The new law is a watered-down version of the Car Buyers Bill of Rights initiative written by Consumers for Auto Reliability and Safety (CARS) in 2003. The idea was to address many of the worst scams that plague California car buyers, and allow Californians to vote for the new law as a ballot initiative. Polling showed it was immensely popular.
But-- lawmakers in Sacramento did their own polling, realized how popular it was, and decided to introduce legislation. At the author’s request, CARS agreed to abandon the initiative and sponsor the legislation. But auto dealers disliked that bill (AB 1839, Montañez), and at their behest, Governor Schwarzenegger vetoed it.
In 2005, labor unions adopted a similar initiative and gathered signatures for it. Then it became a bargaining chip in negotiations among labor unions, Governor Schwarzenegger, and auto dealers over the hotly contested Special Election. At the last minute, lawmakers reached a compromise with auto dealers, and the unions agreed not to submit the signatures. CARS did not sponsor that bill (AB 68, Montañez), but worked to make it as strong as possible for consumers.
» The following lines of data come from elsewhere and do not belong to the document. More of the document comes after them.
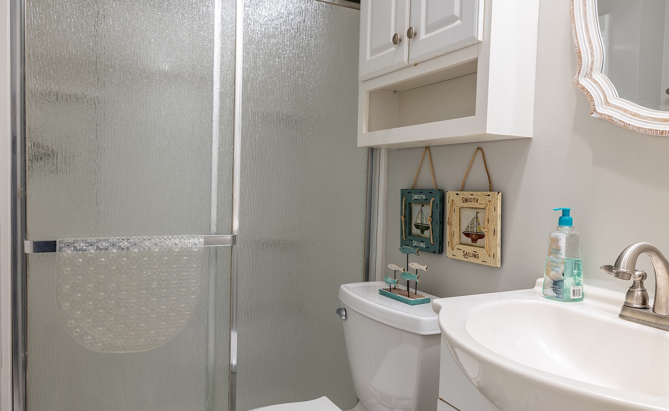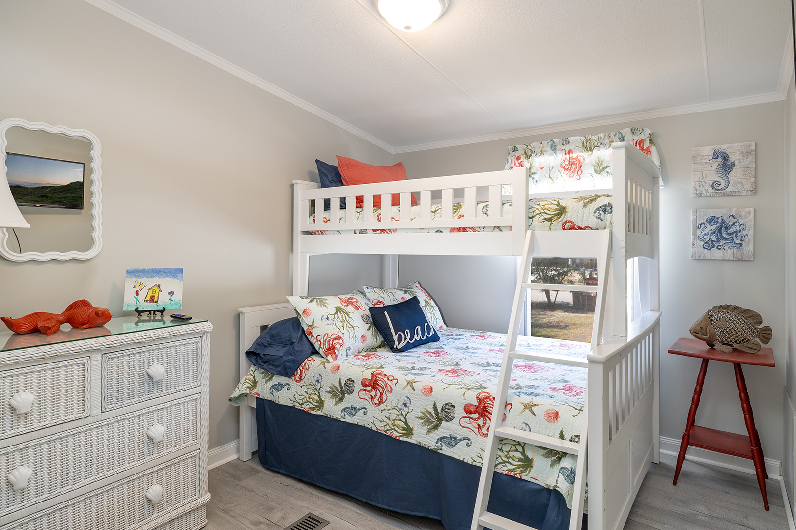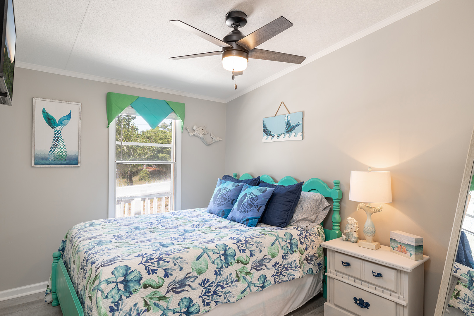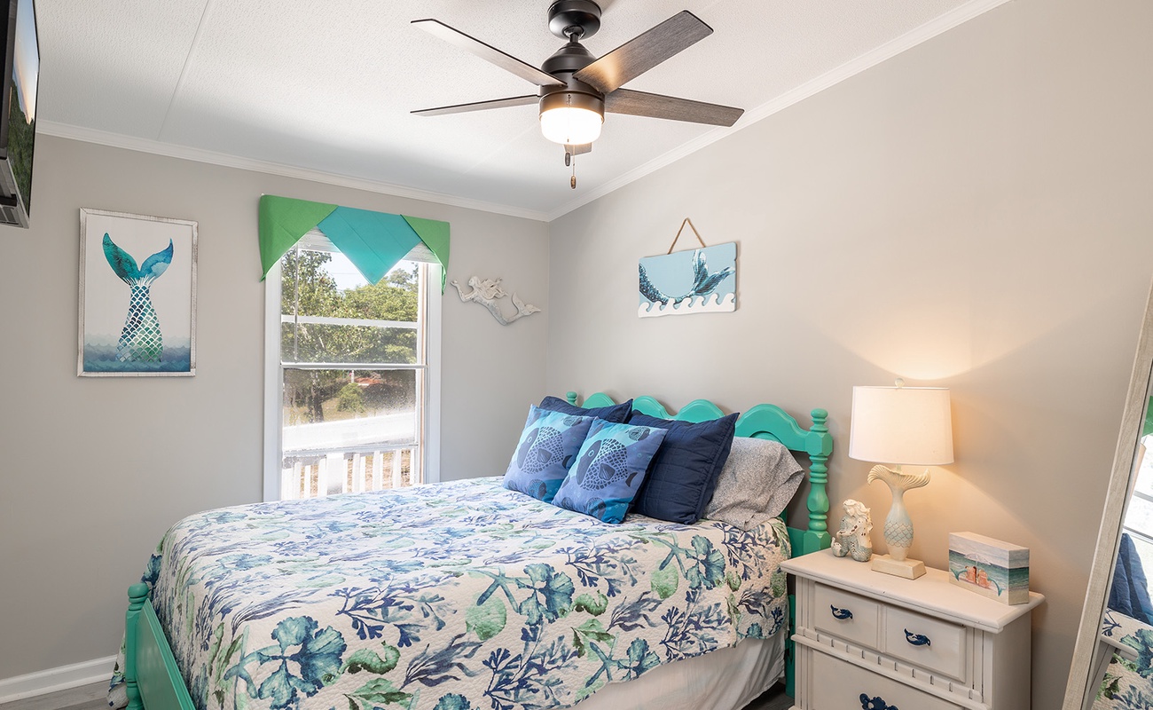 Bedroom #1 is a Master Bedroom with Queen bed, Smart TV, and private en suite bath with separate tub and walk-in shower. Bedroom #2 provides a Double bed, Smart TV, and mermaid theme. Bedroom #3 offers a Twin over Double Bunk Bed and Smart TV. A shared full hall bath is also provided.
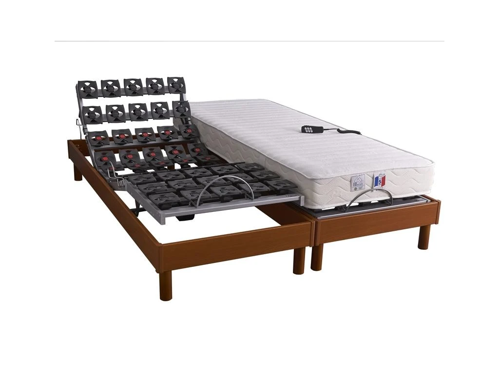 Découvrez les avantages et le confort de ce sommier de relaxation tous plots décor bois de merisier.
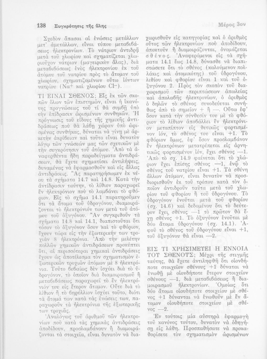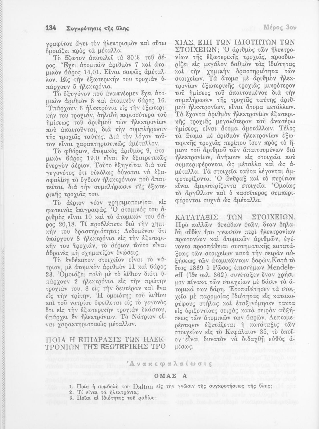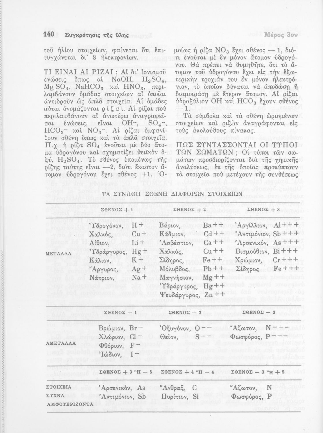 Μαθητικό βοήθημα που απευθύνεται σε μαθητές του Γυμνασίου με σκοπό τη περιγραφή και συγκρότηση της ύλης. Αναφέρεται στη θεωρία των διαλυμάτων, στις ενώσεις του αζώτου, στη θεωρία που διέπει τα οξέα, τις βάσεις, τα άλατα. Το βοήθημα ολοκληρώνεται με τη περιγραφή διάφορων μετάλλων.
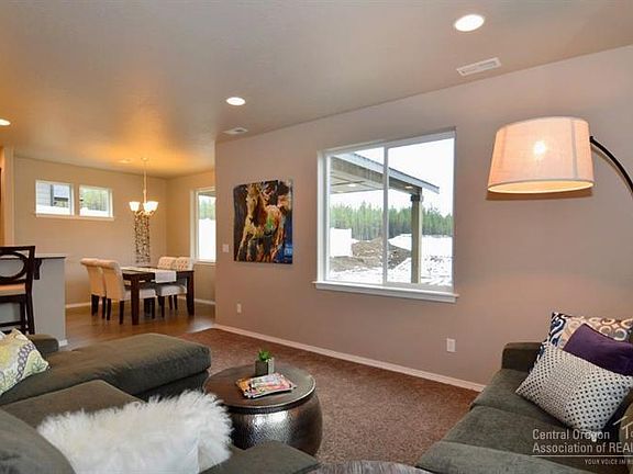 New NW Bend community close to parks, hiking trails, & the Deschutes River. Open concept living with large master bedroom. Features include 4' garage extension, covered patio, hardwood kitchen/dining floors, full wood wrapped windows with 4' trim, Quartz countertops in kitchen, full lap siding, masonry accents with wrapped columns, and gutters. Pics of similar hm.
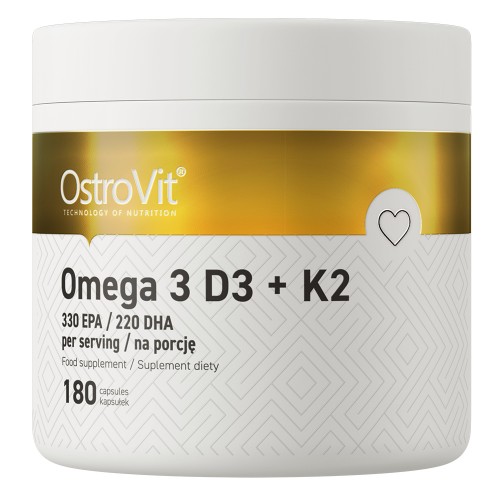 OstroVit Omega 3 D3 + K2 - дієтична добавка в капсулах м'якого типу, що містить жирні кислоти Омега 3 (EPA і DHA) та вітаміни D3, K2, а також D-альфа-токоферол (вітамін E). Особливо OstroVit Omega 3 D3 + K2 рекомендується людям, які хочуть забезпечити належне функціонування серцево-судинної системи, а також тим, хто хоче забезпечити правильну роботу кісток.
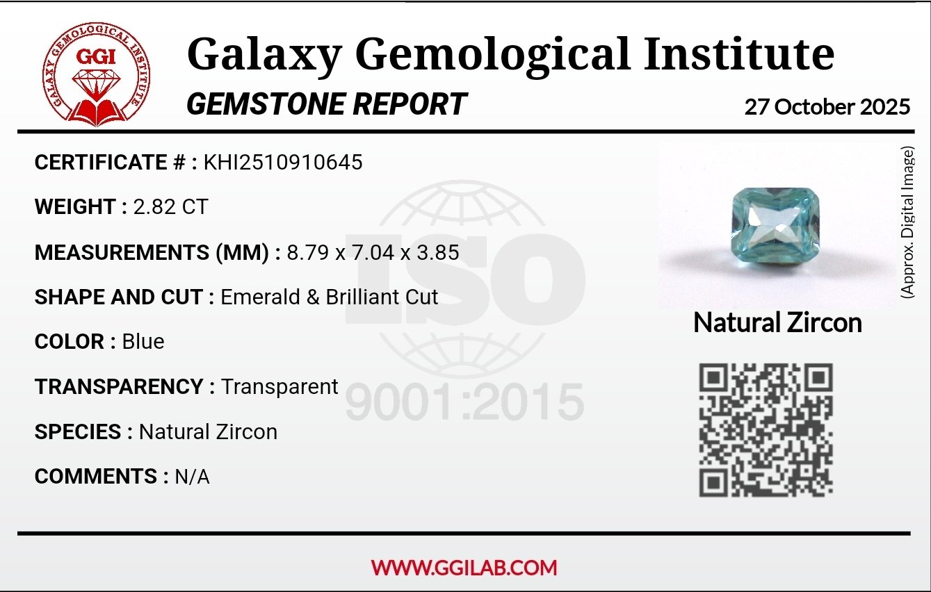 A stunning Natural Blue Zircon weighing 2.82 Carats, masterfully crafted in an Emerald & Brilliant Cut that enhances its sparkling brilliance and transparency. Certified by Galaxy Gemological Institute (GGI Lab), this gemstone radiates a vivid blue hue with exceptional clarity and fire. Perfect for fine jewelry design, gemstone collections, or elegant investment pieces.
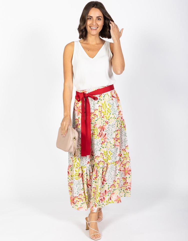 กระโปรงยาวสำหรับผู้หญิง พิมพ์ลายดอกไม้ เอวยางยืด ดีไซน์เป็นชั้นๆ ผูกเอวด้วยริบบิ้นโกรเกรน ความยาวระดับกลาง
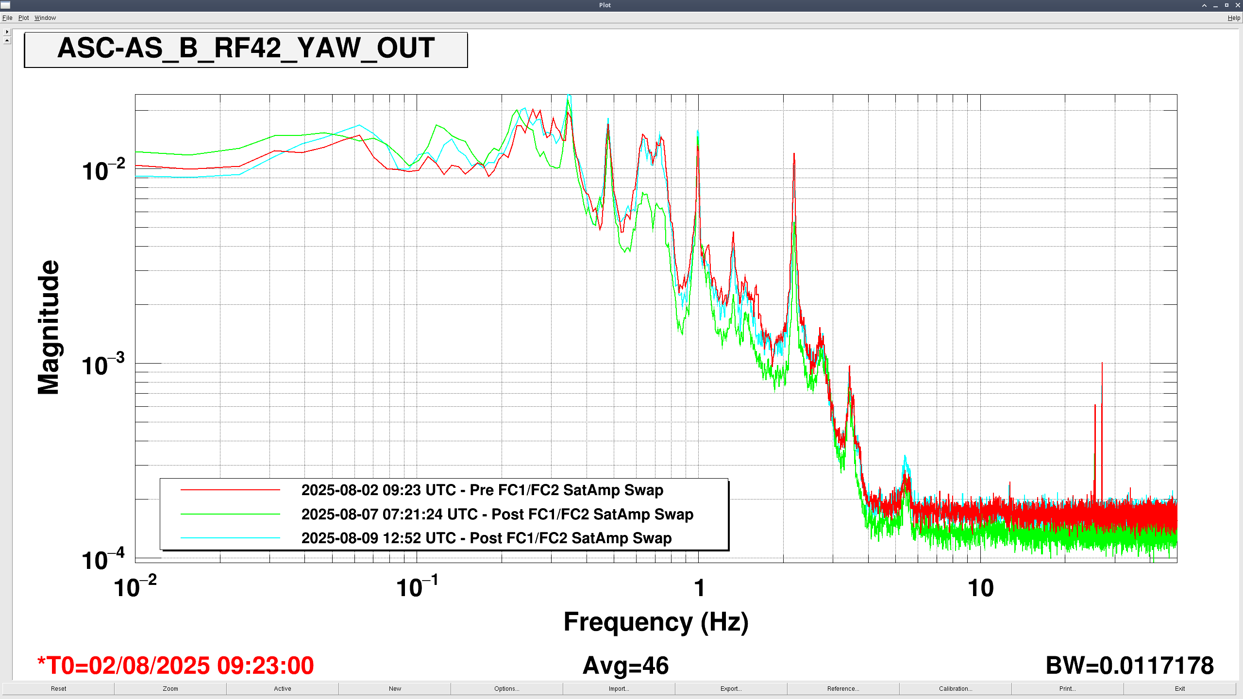 This is basically a continuation of 86624. Sheila gave Jeff a few more channels to look at regarding the SQZ ASC comparison before and after the satamp swap. The channels I looked at were H1:ASC-AS_{A,B}_RF42_{PIT,YAW}_OUT_DQ.

The new law was so watered down, auto dealers supported it more enthusiastically than consumer groups. When the Governor signed the bill, auto dealers and the author were at the ceremony, but consumer groups were conspicuously absent.
No. The Car Buyers Bill of Rights is seriously flawed. It’s also unprecedented and a huge experiment. While it’s a step forward in some ways, consumer groups caution other states to allow California to gain some experience and work out the inevitable kinks before they try to imitate the law.